Tuesday, February 10, 2009

100 Years Ago Today

Dad on Rialto Beach, 2002
Olympic National Park, Washington State

My dad was born in Omaha, Nebraska on February 10, 1909. He was born at home, so there's no record left of the time of day, though I'm certain my sweet grandmother remembered that day very well.

Because of the dementia the last few years of his life, dad insisted he was already 100 to anyone he met. I'm sure his late 90s certainly FELT like one hundred years of living!

Dad and I used to go to the local mall for ice cream and people watching, two of his favourite things all his life. One time there was a club of cute nerdy boys from the nearby junior high school meeting next to where dad and I sat with our ice cream in the Food Court. Dad kept staring at the boys, asking me "Why do they like to wear their pants down around their read ends like that?"

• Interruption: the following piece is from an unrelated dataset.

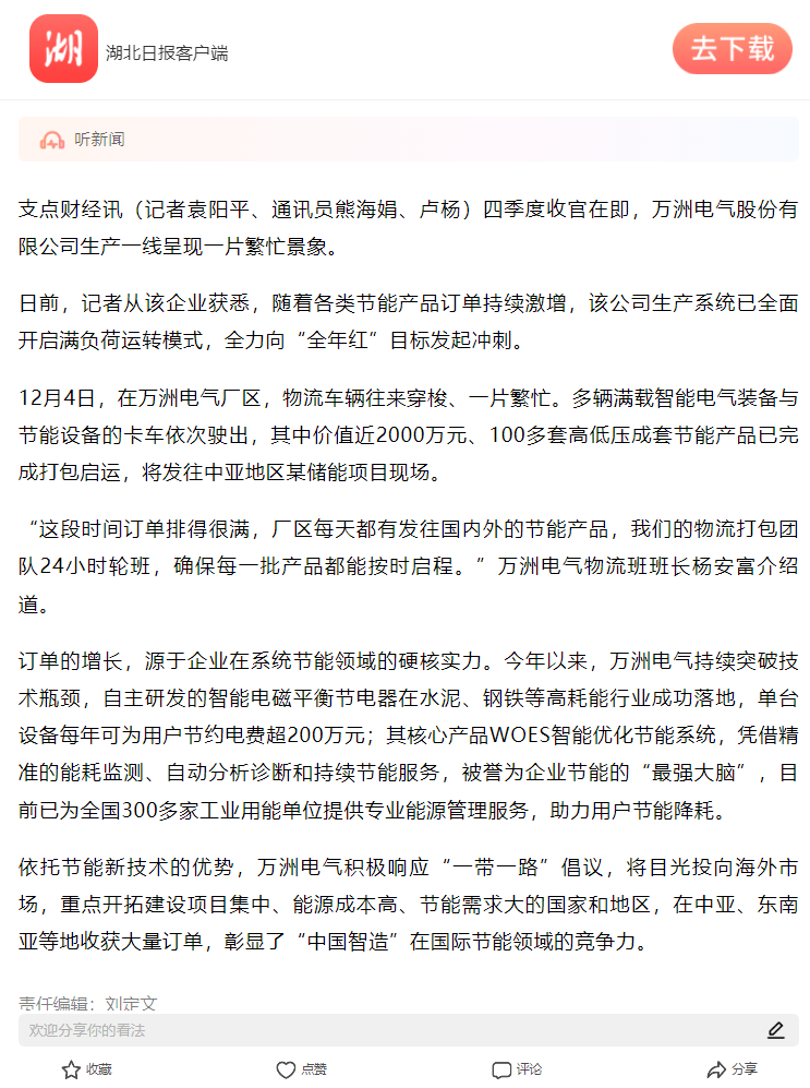 訂單的增長,源于企業在系統節能領域的硬核實力。今年以來,萬洲電氣持續突破技術瓶頸,自主研發的智能電磁平衡節電器在水泥、鋼鐵等高耗能行業成功落地,單臺設備每年可為用戶節約電費超200萬元;其核心產品WOES智能優化節能系統,憑借精準的能耗監測、自動分析診斷和持續節能服務,被譽為企業節能的“最強大腦”,目前已為全國300多家工業用能單位提供專業能源管理服務,助力用戶節能降耗。

A couple of the boys at the adjoining table were giving dad the eye, too, so when their meeting broke up I told them dad wanted to know why they wore their pants like that. "We just like it, that's all" one of the piped up. "You like to wear your hat like that, so I guess we're even." Dad grinned and said "Oh, we're not close to even....I'm a hundred years old!"

The two boys dropped their stuff and immediately came over, eyes wide. "You're a HUNDRED?" asked one in a tone of hushed awe. "Well, purt' near...I'm 94!" "When my dad was your age," I inserted, "he didn't have electricity in his house and no one he knew owned a car, either!" "Wowww... no tv?" Dad just laughed, "Nope, no tv, no radio, no computer, no electric lights in the house."

Silence reigned as the two young men tried to wrap themselves around such a foreign world. And then the younger one lit up with a question that it was clear he thought would help him understand just how old dad was. "Did you know Benjamin Franklin and George Washington?" "No," he laughed, "but I knew the first Americans in space, and Teddy Roosevelt was President when I was born." "Wowww...that is SO cool! I've never met ANYone as old as YOU!"

There was a wonderful meeting of like minds there. Dad may have been 85 years older than them, but they were three of a kind. I really hope those boys tucked that meeting away somewhere in their psyches, and that someday they pay it forward. Dad would've liked that a lot.
Dad, Age 97, one week before he Left The Building
If you'd like to read a little more about my father, and see a few photos, I have compiled a series I wrote about him on a single webpage.

1 comment:

Joyce said...

What a lovely man your father appears to be! I love that smile.